Task prompt -
Output every line below exactly, please, omitting pictures.

[Stored entries]
——————————
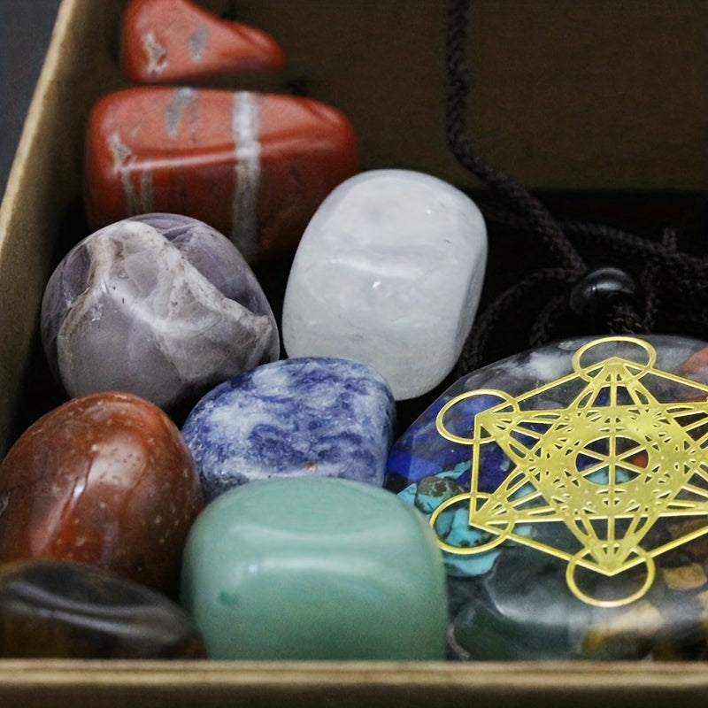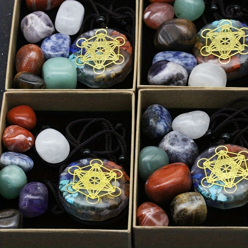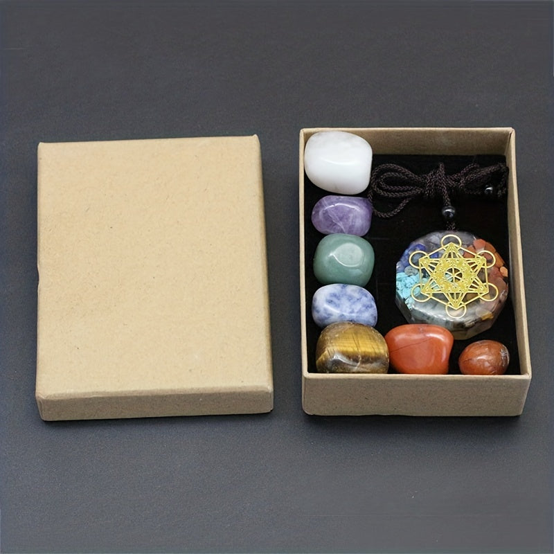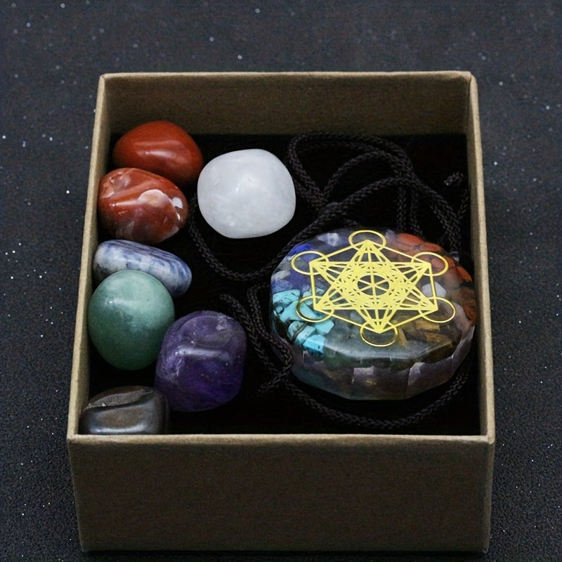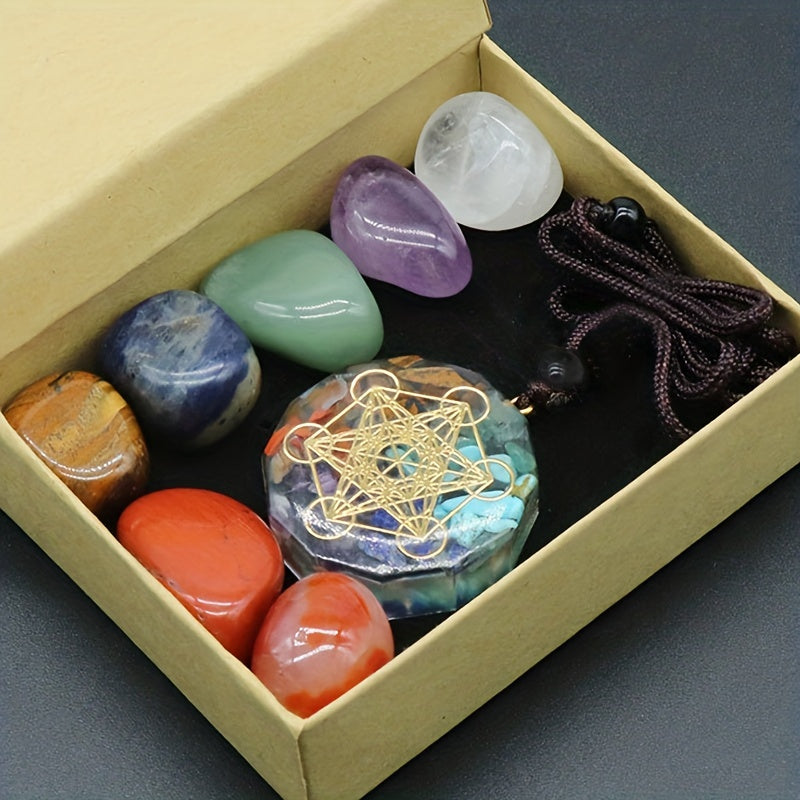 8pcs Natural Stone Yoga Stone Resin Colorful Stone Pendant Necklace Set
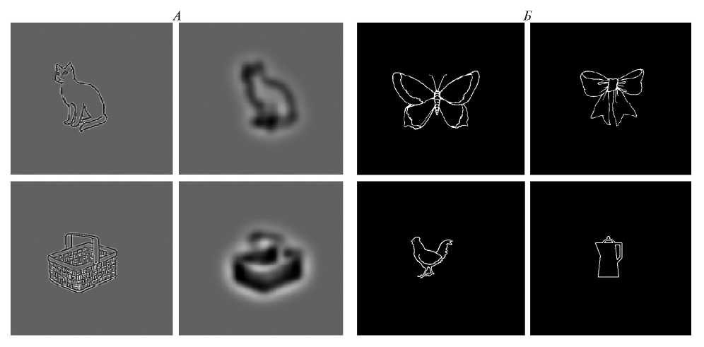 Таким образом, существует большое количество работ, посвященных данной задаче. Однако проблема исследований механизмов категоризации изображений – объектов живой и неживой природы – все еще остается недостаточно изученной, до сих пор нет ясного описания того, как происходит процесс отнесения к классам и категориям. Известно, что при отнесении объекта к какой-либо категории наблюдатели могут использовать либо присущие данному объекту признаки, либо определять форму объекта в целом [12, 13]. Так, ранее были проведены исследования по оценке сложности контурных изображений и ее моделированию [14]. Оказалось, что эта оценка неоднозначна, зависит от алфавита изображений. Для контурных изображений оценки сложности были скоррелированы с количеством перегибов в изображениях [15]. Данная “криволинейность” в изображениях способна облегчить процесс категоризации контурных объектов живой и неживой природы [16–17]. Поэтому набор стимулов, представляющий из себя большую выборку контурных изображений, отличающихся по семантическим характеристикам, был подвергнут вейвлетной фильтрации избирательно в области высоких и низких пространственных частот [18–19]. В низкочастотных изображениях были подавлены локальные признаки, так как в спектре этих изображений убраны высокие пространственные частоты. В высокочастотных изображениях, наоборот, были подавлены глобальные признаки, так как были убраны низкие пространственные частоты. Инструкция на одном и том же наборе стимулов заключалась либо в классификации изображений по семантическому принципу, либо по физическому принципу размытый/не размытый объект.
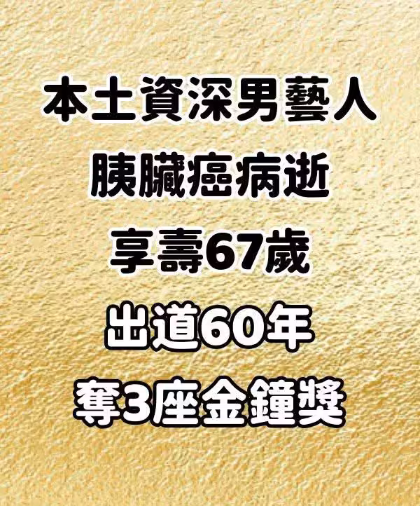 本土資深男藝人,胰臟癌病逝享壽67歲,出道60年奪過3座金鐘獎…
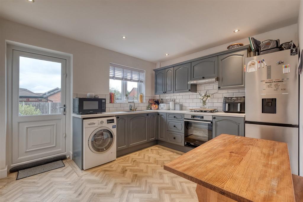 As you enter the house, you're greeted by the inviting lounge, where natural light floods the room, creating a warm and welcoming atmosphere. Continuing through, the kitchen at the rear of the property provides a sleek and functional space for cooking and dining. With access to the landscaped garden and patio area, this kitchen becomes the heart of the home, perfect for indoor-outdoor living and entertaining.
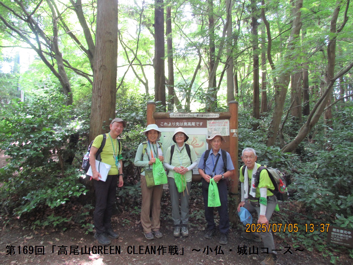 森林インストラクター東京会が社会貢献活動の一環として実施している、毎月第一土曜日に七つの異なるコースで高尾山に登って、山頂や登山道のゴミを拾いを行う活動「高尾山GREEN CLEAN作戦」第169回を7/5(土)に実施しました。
——————————
Problem solution -
 8pcs Natural Stone Yoga Stone Resin Colorful Stone Pendant Necklace Set
 Таким образом, существует большое количество работ, посвященных данной задаче. Однако проблема исследований механизмов категоризации изображений – объектов живой и неживой природы – все еще остается недостаточно изученной, до сих пор нет ясного описания того, как происходит процесс отнесения к классам и категориям. Известно, что при отнесении объекта к какой-либо категории наблюдатели могут использовать либо присущие данному объекту признаки, либо определять форму объекта в целом [12, 13]. Так, ранее были проведены исследования по оценке сложности контурных изображений и ее моделированию [14]. Оказалось, что эта оценка неоднозначна, зависит от алфавита изображений. Для контурных изображений оценки сложности были скоррелированы с количеством перегибов в изображениях [15]. Данная “криволинейность” в изображениях способна облегчить процесс категоризации контурных объектов живой и неживой природы [16–17]. Поэтому набор стимулов, представляющий из себя большую выборку контурных изображений, отличающихся по семантическим характеристикам, был подвергнут вейвлетной фильтрации избирательно в области высоких и низких пространственных частот [18–19]. В низкочастотных изображениях были подавлены локальные признаки, так как в спектре этих изображений убраны высокие пространственные частоты. В высокочастотных изображениях, наоборот, были подавлены глобальные признаки, так как были убраны низкие пространственные частоты. Инструкция на одном и том же наборе стимулов заключалась либо в классификации изображений по семантическому принципу, либо по физическому принципу размытый/не размытый объект.
 本土資深男藝人,胰臟癌病逝享壽67歲,出道60年奪過3座金鐘獎…
 As you enter the house, you're greeted by the inviting lounge, where natural light floods the room, creating a warm and welcoming atmosphere. Continuing through, the kitchen at the rear of the property provides a sleek and functional space for cooking and dining. With access to the landscaped garden and patio area, this kitchen becomes the heart of the home, perfect for indoor-outdoor living and entertaining.
 森林インストラクター東京会が社会貢献活動の一環として実施している、毎月第一土曜日に七つの異なるコースで高尾山に登って、山頂や登山道のゴミを拾いを行う活動「高尾山GREEN CLEAN作戦」第169回を7/5(土)に実施しました。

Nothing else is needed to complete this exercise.